Этому же влиянию оказались подвержены и «резервуары политической мысли». Прежние стратегические сообщества — Совет по международным отношениям, институт Брукингса, Фонд Карнеги за международный мир — создавались с целью информирования широкой публики и представления внепартийного анализа важнейших политических событий. В последние десятилетия широкое распространение получило «партийное позиционирование», в результате чего экспертные организации политизировались — не в последнюю очередь благодаря корпоративным взносам. В Вашингтоне существенно возросло количество организаций, называющих себя исследовательскими центрами, а на деле представляющих собой лоббистские партийные группы. Организации наподобие фонда «Наследие» демонстрируют явную политическую ангажированность и получают финансовую поддержку со стороны корпораций-сторонников той или иной политики. «Новая атлантическая инициатива» (НАИ) — исследовательская программа Американского института предпринимательства — провела в конце 1990-х годов десятки конференций по расширению НАТО. Большинство участников этих конференций придерживались одной точки зрения; НАИ была заинтересована в; расширении НАТО, а не в проведении конструктивных дискуссий о возможности и целесообразности этого расширения.

Эти лоббистские партийные группы имели стабильное финансирование и активно пользовались преимуществами цифровой эры. Идеи продавались и покупались, подобно голосам в Конгрессе. Сокращение значимости «мыслительных резервуаров» как внепартийных арбитров привело к упадку в качестве и количестве публичных дебатов.

Эти тенденции в совокупности обеспечивают американской политике «отчужденность» и «пластичность». Общественное все сильнее отдаляется от частного. Центральными лозунгами конференции республиканцев в 2000 году были умеренность, центризм и сочувствующий консерватизм. Оказавшись у власти, президент Буш стремительно «поправел» и стал выражать взгляды партийных лоббистов и корпоративных доноров-консерваторов. Администрация торжественно объявила весной 2001 года о снижении налогов. Однако аналитики в большинстве своем отнеслись к этому событию настороженно и не преминули указать на «законодательный компромисс, который состоит в основном из зеркал и тумана».[473] Причем «двойные стандарты» отнюдь не являются исключительной прерогативой республиканцев. Во многих вопросах, от здравоохранения до противоракетной обороны и гуманитарных интервенций, администрация демократа Клинтона имела весьма отдаленное отношение к реальности.

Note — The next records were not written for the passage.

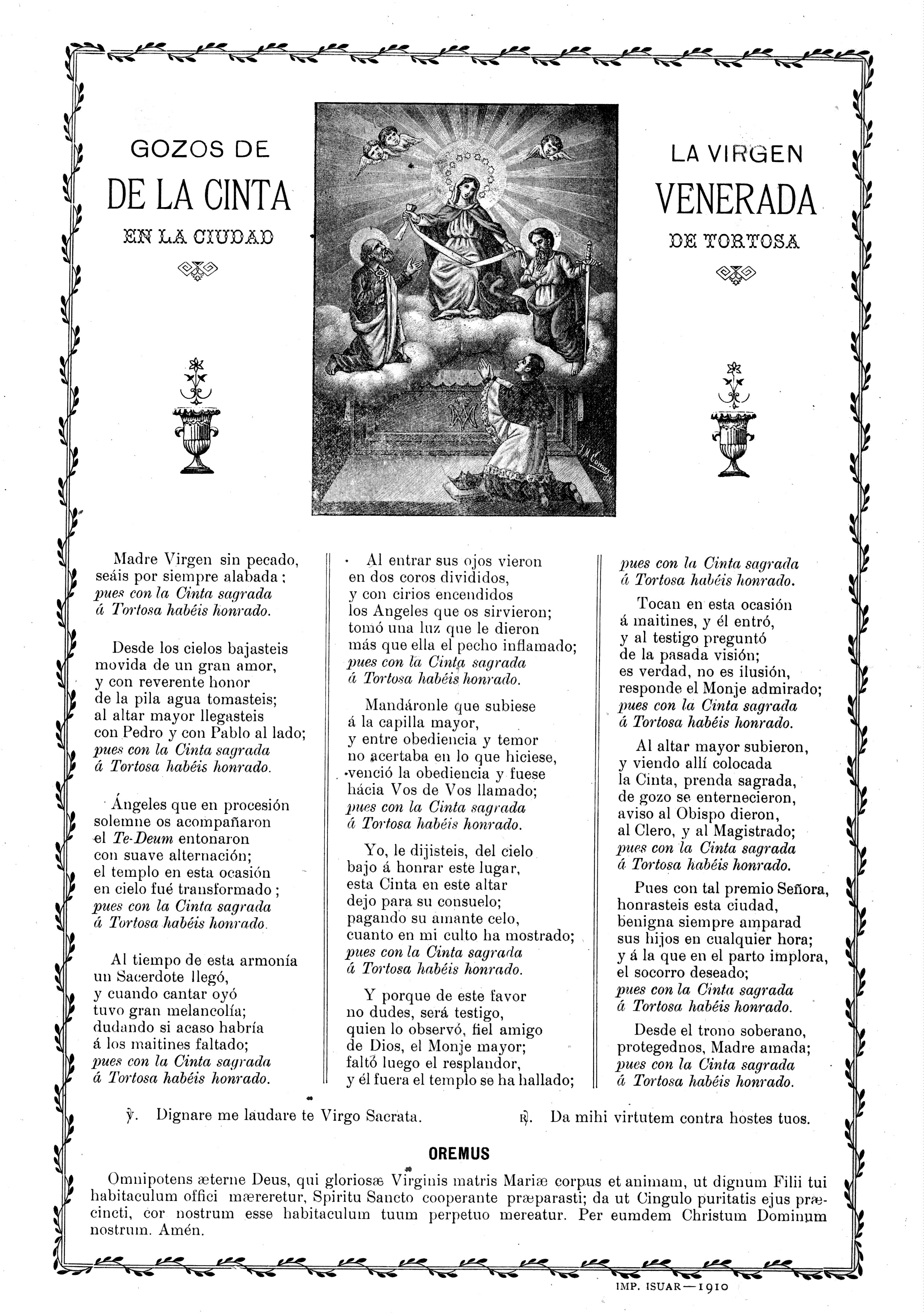 • Gozos de la Virgen de la Cinta venerada en la Ciudad de Tortosa. [Tortosa]: Imp. de S. Isuar, 1873. “Madre Virgen sin pecado, / seais por siempre alabada: / Pues con la Cinta sagrada / á Tortosa habeis honrado.”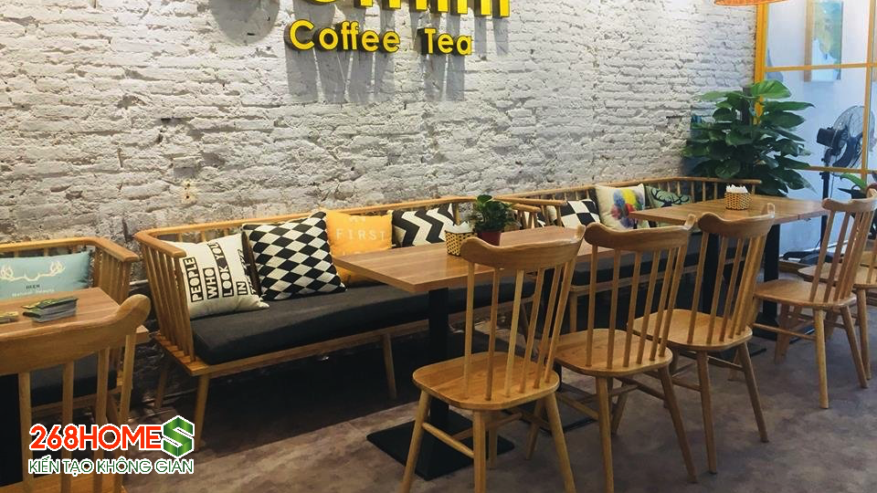 Màu sắc: Chọn màu sắc phù hợp với không gian của quán cafe và tạo cảm giác ấm áp. Bạn có thể chọn các màu sắc như nâu, trắng, xám hoặc màu gỗ tự nhiên.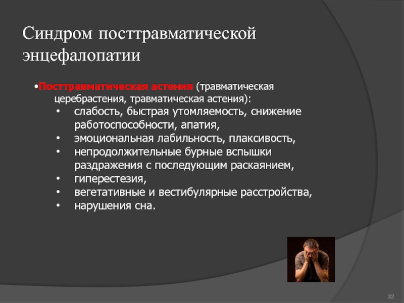 •Посттравматическая астения (травматическая церебрастения, травматическая астения):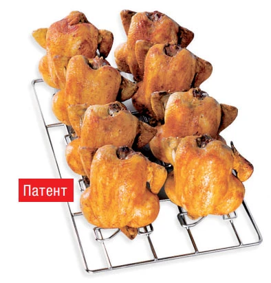 Вертикальное расположение птицы и связанный с этим эффект камина значительно сокращает время приготовления.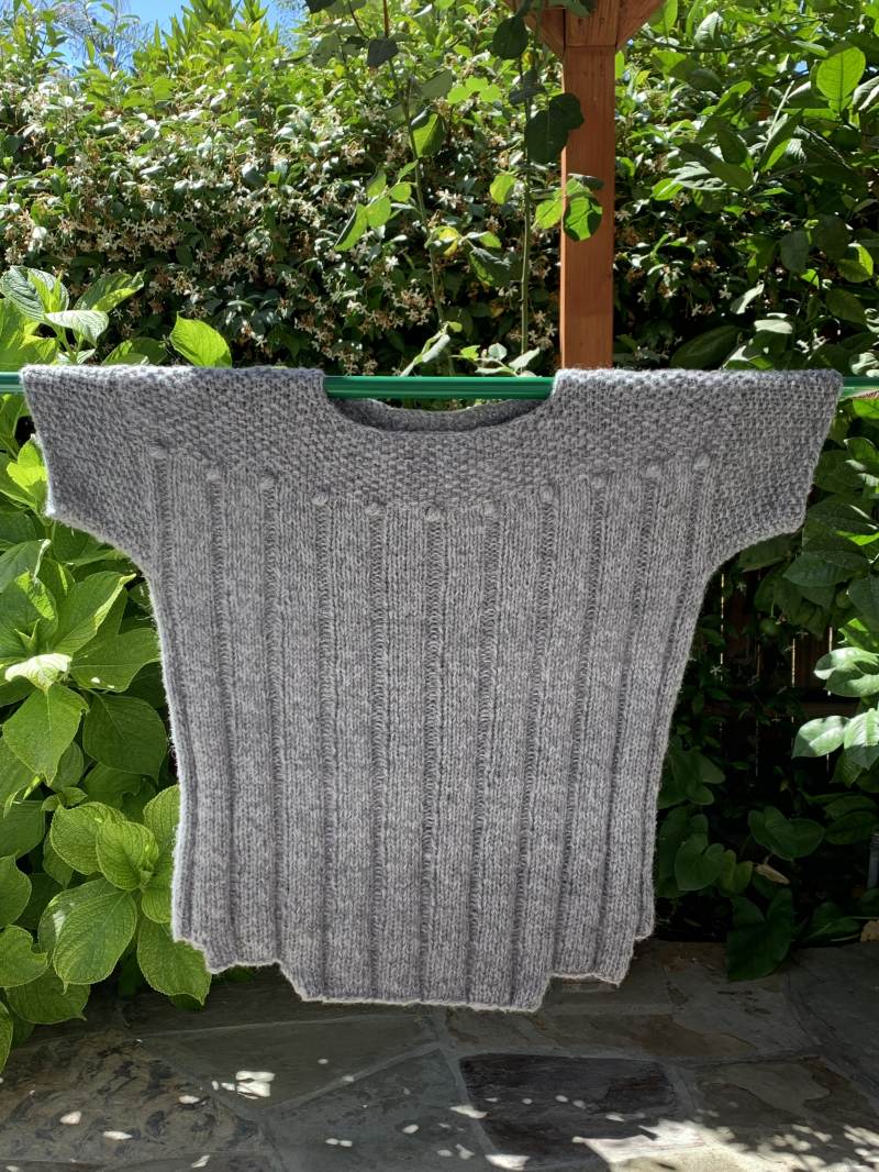An oversized poncho worked from the bottom up. both the front and back bottoms are started, joined together at the sides and worked in the round until the armhole. The front and back separated and are worked flat up to the shoulder. The shoulders are shaped with short row shaping and then are joined together with a 3 needle bind off. Weave in any ends and you are finished. Wear this for an evening stroll on the beach or a light cover up for a summer convert and in the cooler months pair with a long sleeved shirt for a completely different look.

Конгресс вел себя ничуть не лучше, заслужив репутацию чего угодно, но только не совещательного органа, о чем мечтали его основатели. В редакционной передовице «New York Times» под названием «Неэффективный Конгресс» 1 ноября 2000 года, за 6 дней до президентских выборов, говорилось:

«Конгресс сто шестого созыва за время своего почти двухлетнего нахождения у власти не сделал практически ничего, он полностью устранился из общественной жизни. Почти по всем важнейшим вопросам, будь то контроль за распространением оружия, права человека, регулирование потребления энергии, социальная безопасность — Конгресс предпочитал отмалчиваться, тщательно избегая решений, которые можно было бы восславить или осмеять… Впрочем, сторонясь действий на пользу широкой общественности, Конгресс приложил громадные усилия по устраиванию собственного гнездышка, соблюдению коммерческих интересов и вознаграждению избирателей сиюминутными законодательными инициативами, изумлявшими как народ, так и значительную часть конгрессменов».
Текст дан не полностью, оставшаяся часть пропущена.